*TASK TO COMPLETE*. Before repeating the entries below, strip out every picture and keep all else as it is.

RECORD EXTRACTS section start

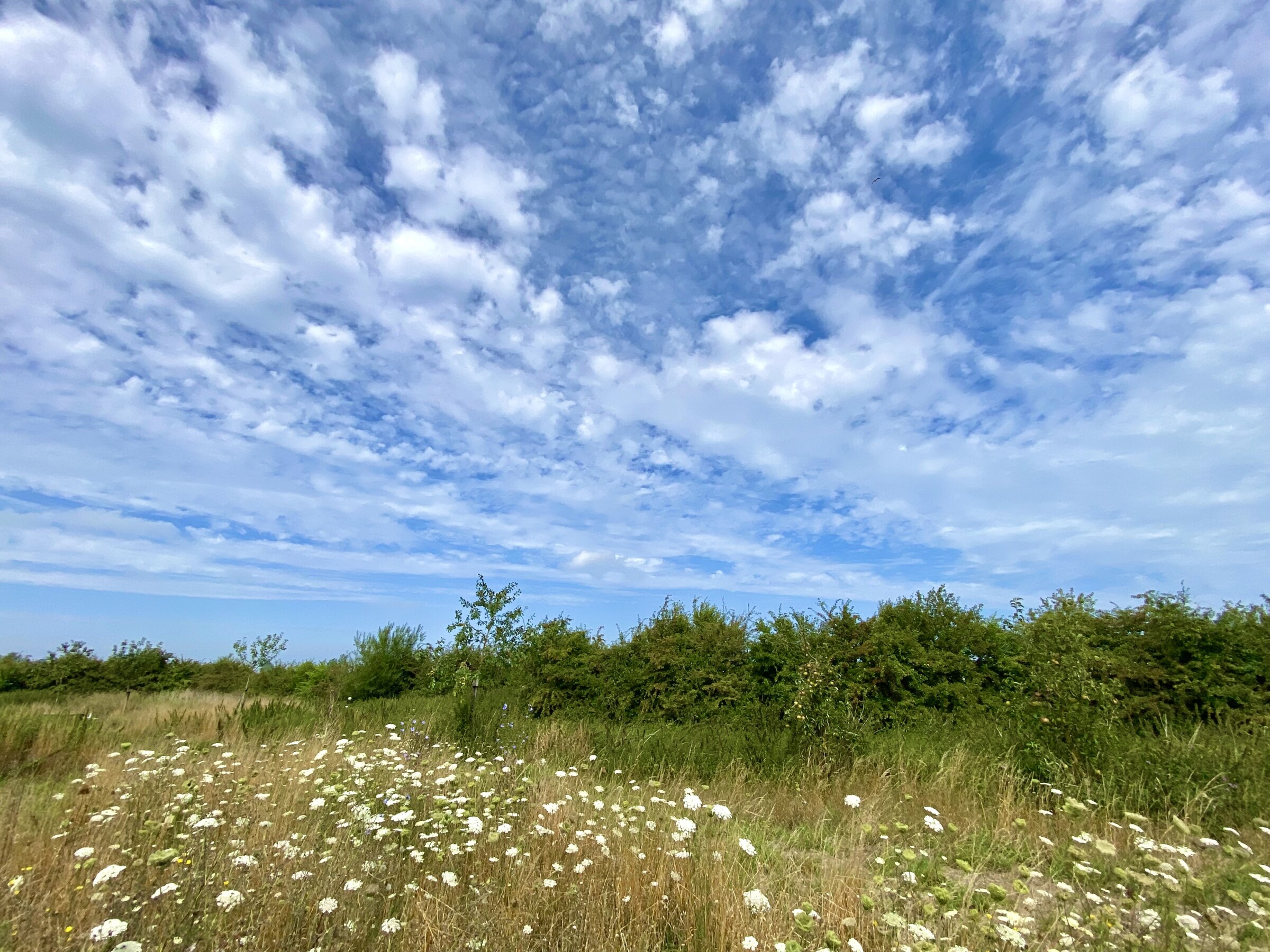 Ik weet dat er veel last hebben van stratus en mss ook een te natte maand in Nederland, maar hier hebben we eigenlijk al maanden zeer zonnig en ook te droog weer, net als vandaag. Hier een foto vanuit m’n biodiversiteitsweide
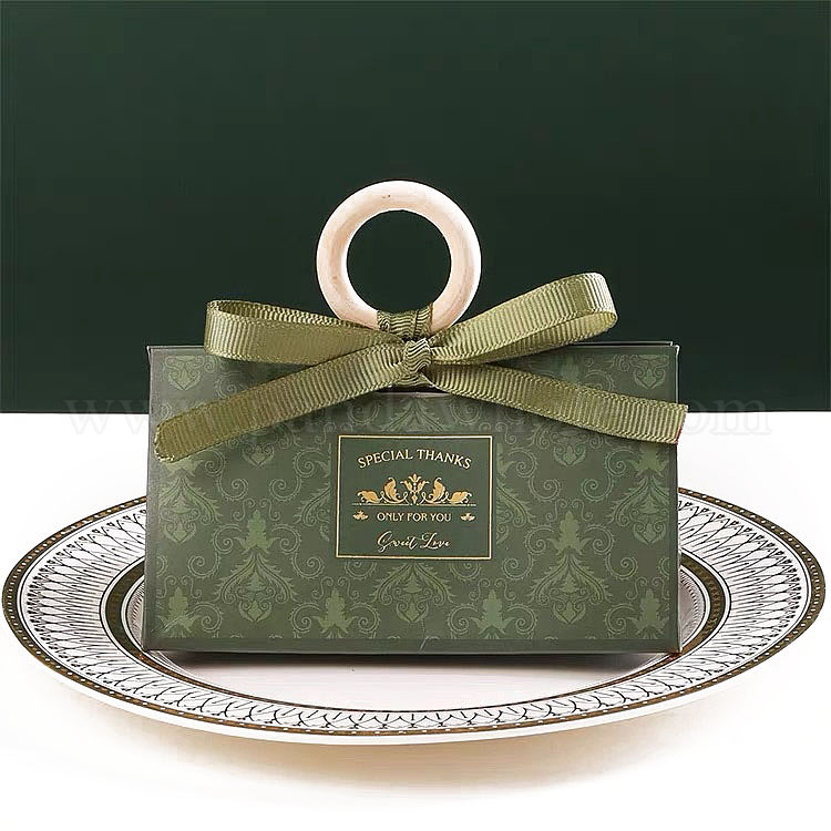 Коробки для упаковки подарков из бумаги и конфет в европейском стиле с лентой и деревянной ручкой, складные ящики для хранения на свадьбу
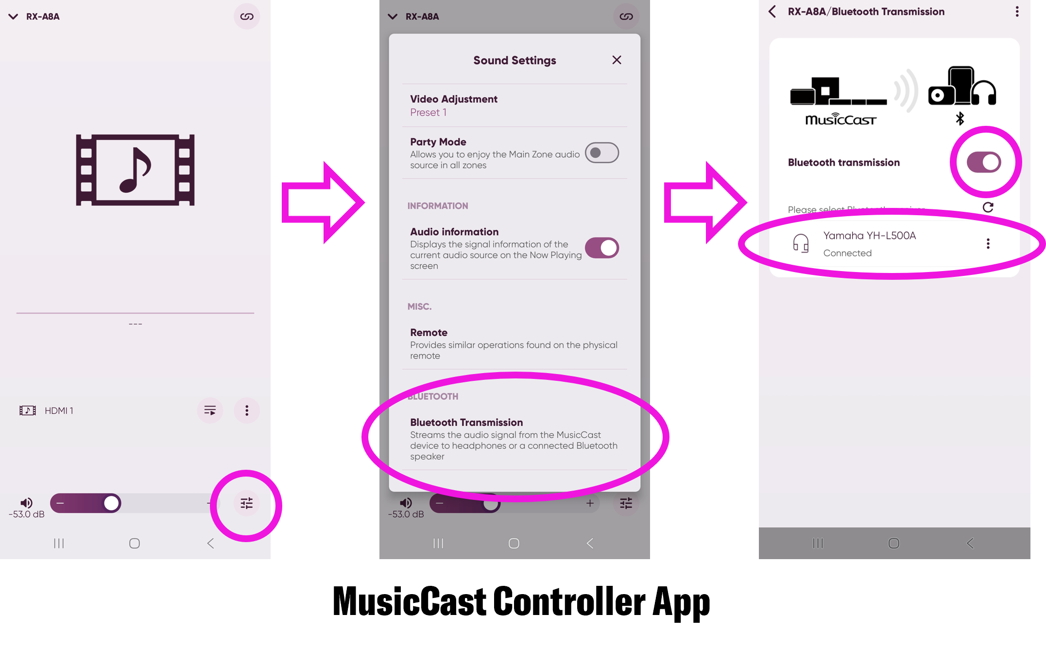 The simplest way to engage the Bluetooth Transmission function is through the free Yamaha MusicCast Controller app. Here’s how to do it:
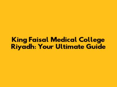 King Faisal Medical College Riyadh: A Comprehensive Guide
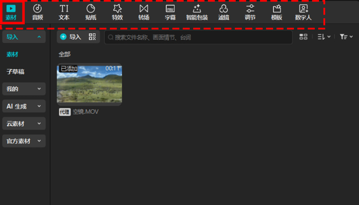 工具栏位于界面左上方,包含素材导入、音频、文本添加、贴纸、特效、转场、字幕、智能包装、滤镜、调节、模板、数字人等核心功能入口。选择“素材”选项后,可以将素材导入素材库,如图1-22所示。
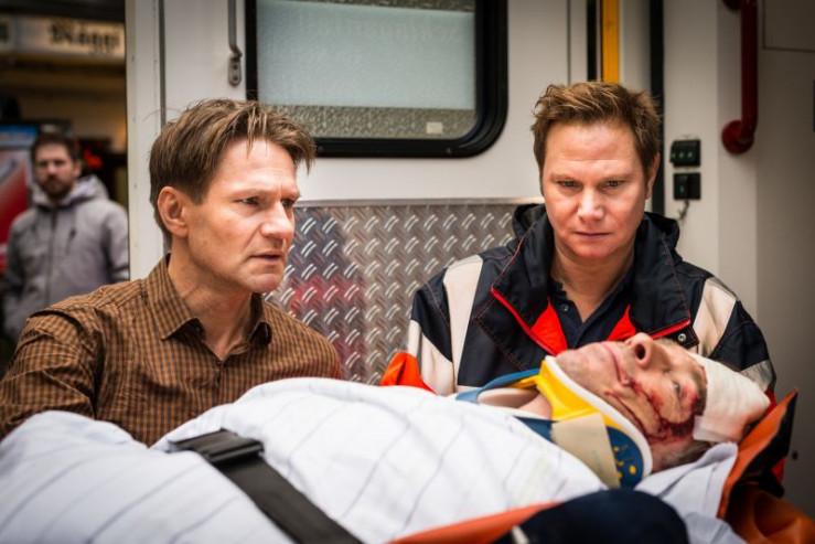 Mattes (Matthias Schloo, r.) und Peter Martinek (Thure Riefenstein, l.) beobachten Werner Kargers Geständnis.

RECORD EXTRACTS section end

*WRITTEN RESPONSE*.
 Ik weet dat er veel last hebben van stratus en mss ook een te natte maand in Nederland, maar hier hebben we eigenlijk al maanden zeer zonnig en ook te droog weer, net als vandaag. Hier een foto vanuit m’n biodiversiteitsweide
 Коробки для упаковки подарков из бумаги и конфет в европейском стиле с лентой и деревянной ручкой, складные ящики для хранения на свадьбу
 The simplest way to engage the Bluetooth Transmission function is through the free Yamaha MusicCast Controller app. Here’s how to do it:
 King Faisal Medical College Riyadh: A Comprehensive Guide
 工具栏位于界面左上方,包含素材导入、音频、文本添加、贴纸、特效、转场、字幕、智能包装、滤镜、调节、模板、数字人等核心功能入口。选择“素材”选项后,可以将素材导入素材库,如图1-22所示。
 Mattes (Matthias Schloo, r.) und Peter Martinek (Thure Riefenstein, l.) beobachten Werner Kargers Geständnis.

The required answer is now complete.